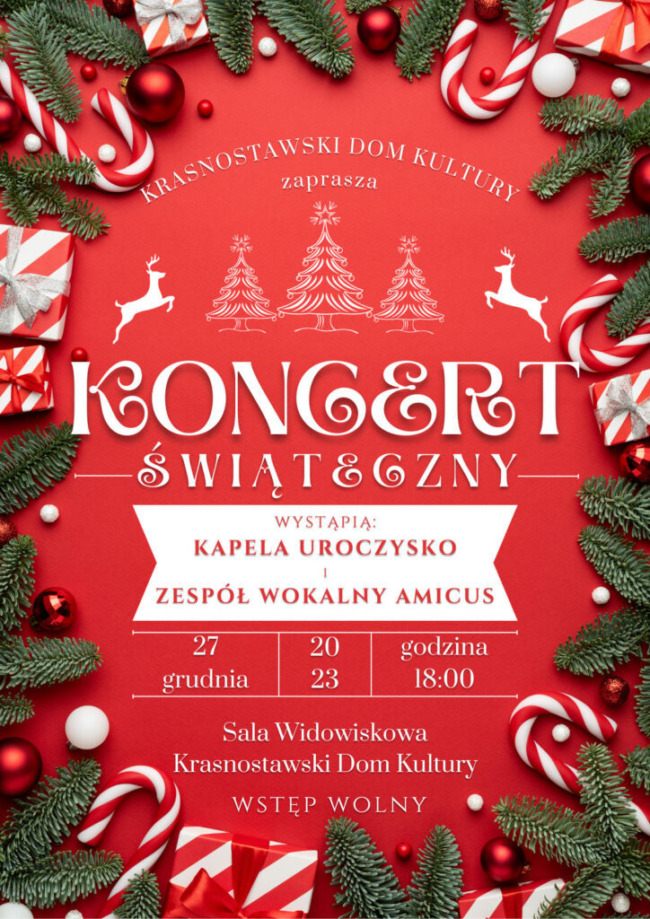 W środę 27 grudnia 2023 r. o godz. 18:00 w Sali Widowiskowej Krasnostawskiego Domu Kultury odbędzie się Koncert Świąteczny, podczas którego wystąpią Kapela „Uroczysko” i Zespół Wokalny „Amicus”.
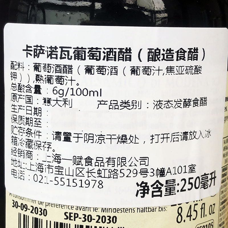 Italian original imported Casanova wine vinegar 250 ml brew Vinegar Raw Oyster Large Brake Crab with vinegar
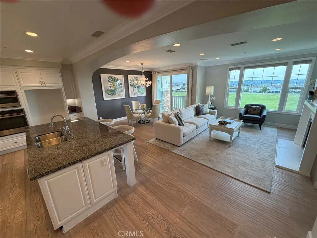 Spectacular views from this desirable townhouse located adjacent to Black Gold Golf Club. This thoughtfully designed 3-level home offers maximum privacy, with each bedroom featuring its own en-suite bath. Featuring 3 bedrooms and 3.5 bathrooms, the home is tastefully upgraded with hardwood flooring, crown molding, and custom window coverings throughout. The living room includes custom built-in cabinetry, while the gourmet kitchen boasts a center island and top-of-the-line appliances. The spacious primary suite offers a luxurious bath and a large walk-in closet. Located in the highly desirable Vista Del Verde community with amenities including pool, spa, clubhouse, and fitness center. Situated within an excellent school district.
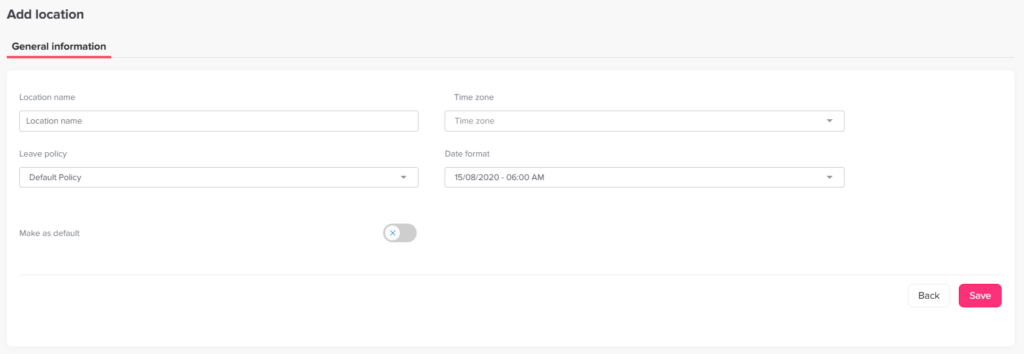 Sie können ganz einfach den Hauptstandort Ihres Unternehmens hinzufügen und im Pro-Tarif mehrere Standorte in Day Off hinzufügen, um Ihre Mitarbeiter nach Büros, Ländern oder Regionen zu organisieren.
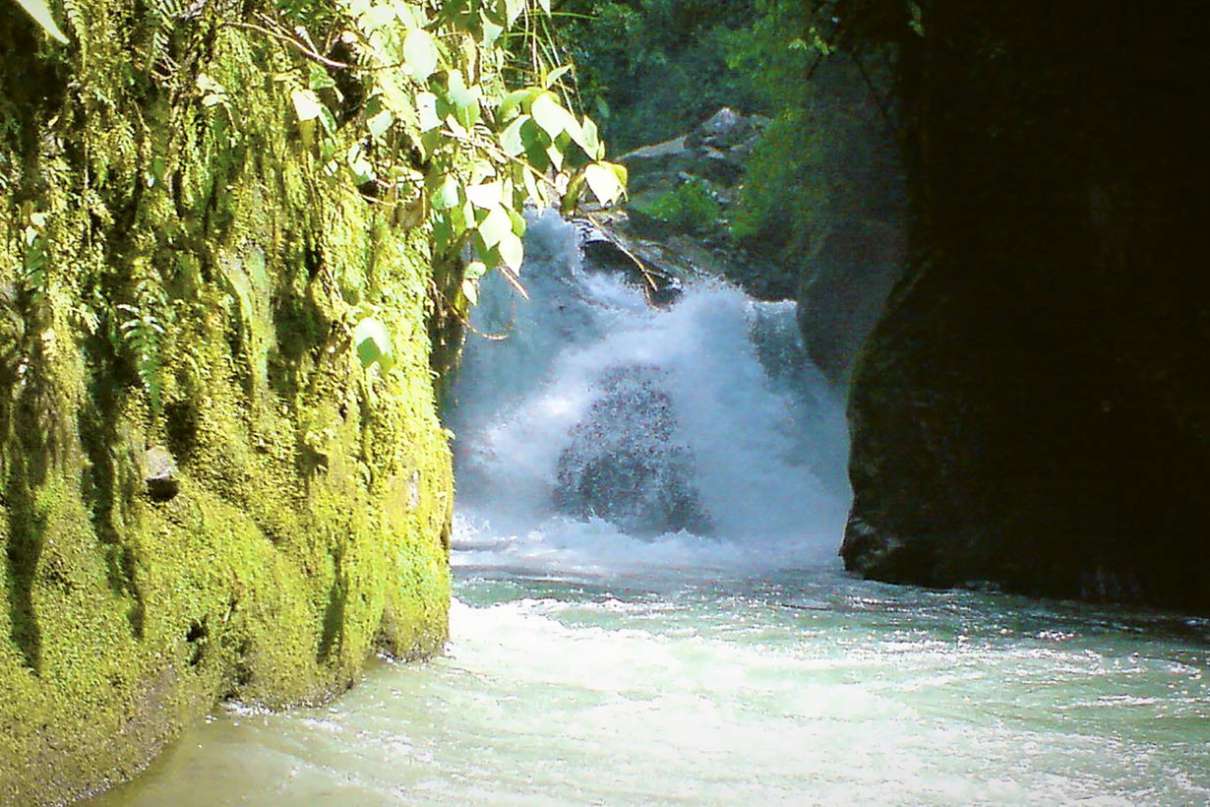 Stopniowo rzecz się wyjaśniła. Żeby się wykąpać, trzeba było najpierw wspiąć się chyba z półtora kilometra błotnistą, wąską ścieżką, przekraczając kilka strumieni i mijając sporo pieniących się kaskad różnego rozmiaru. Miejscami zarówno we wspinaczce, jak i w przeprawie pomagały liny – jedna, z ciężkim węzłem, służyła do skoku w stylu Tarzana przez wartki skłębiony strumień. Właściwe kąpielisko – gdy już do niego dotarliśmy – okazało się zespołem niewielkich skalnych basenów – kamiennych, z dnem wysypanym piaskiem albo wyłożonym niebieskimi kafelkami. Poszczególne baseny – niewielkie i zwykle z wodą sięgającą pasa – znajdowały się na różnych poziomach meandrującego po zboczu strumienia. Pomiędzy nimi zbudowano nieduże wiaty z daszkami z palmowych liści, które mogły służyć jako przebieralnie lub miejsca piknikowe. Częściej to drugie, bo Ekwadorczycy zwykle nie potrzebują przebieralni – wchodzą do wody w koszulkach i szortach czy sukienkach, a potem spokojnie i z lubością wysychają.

○ ○ ○ ○ ○

■ Exercise directions ■
Copy all of the records verbatim, omitting the pictures.

■ Answer below ■
 W środę 27 grudnia 2023 r. o godz. 18:00 w Sali Widowiskowej Krasnostawskiego Domu Kultury odbędzie się Koncert Świąteczny, podczas którego wystąpią Kapela „Uroczysko” i Zespół Wokalny „Amicus”.
 Italian original imported Casanova wine vinegar 250 ml brew Vinegar Raw Oyster Large Brake Crab with vinegar
 Spectacular views from this desirable townhouse located adjacent to Black Gold Golf Club. This thoughtfully designed 3-level home offers maximum privacy, with each bedroom featuring its own en-suite bath. Featuring 3 bedrooms and 3.5 bathrooms, the home is tastefully upgraded with hardwood flooring, crown molding, and custom window coverings throughout. The living room includes custom built-in cabinetry, while the gourmet kitchen boasts a center island and top-of-the-line appliances. The spacious primary suite offers a luxurious bath and a large walk-in closet. Located in the highly desirable Vista Del Verde community with amenities including pool, spa, clubhouse, and fitness center. Situated within an excellent school district.
 Sie können ganz einfach den Hauptstandort Ihres Unternehmens hinzufügen und im Pro-Tarif mehrere Standorte in Day Off hinzufügen, um Ihre Mitarbeiter nach Büros, Ländern oder Regionen zu organisieren.
 Stopniowo rzecz się wyjaśniła. Żeby się wykąpać, trzeba było najpierw wspiąć się chyba z półtora kilometra błotnistą, wąską ścieżką, przekraczając kilka strumieni i mijając sporo pieniących się kaskad różnego rozmiaru. Miejscami zarówno we wspinaczce, jak i w przeprawie pomagały liny – jedna, z ciężkim węzłem, służyła do skoku w stylu Tarzana przez wartki skłębiony strumień. Właściwe kąpielisko – gdy już do niego dotarliśmy – okazało się zespołem niewielkich skalnych basenów – kamiennych, z dnem wysypanym piaskiem albo wyłożonym niebieskimi kafelkami. Poszczególne baseny – niewielkie i zwykle z wodą sięgającą pasa – znajdowały się na różnych poziomach meandrującego po zboczu strumienia. Pomiędzy nimi zbudowano nieduże wiaty z daszkami z palmowych liści, które mogły służyć jako przebieralnie lub miejsca piknikowe. Częściej to drugie, bo Ekwadorczycy zwykle nie potrzebują przebieralni – wchodzą do wody w koszulkach i szortach czy sukienkach, a potem spokojnie i z lubością wysychają.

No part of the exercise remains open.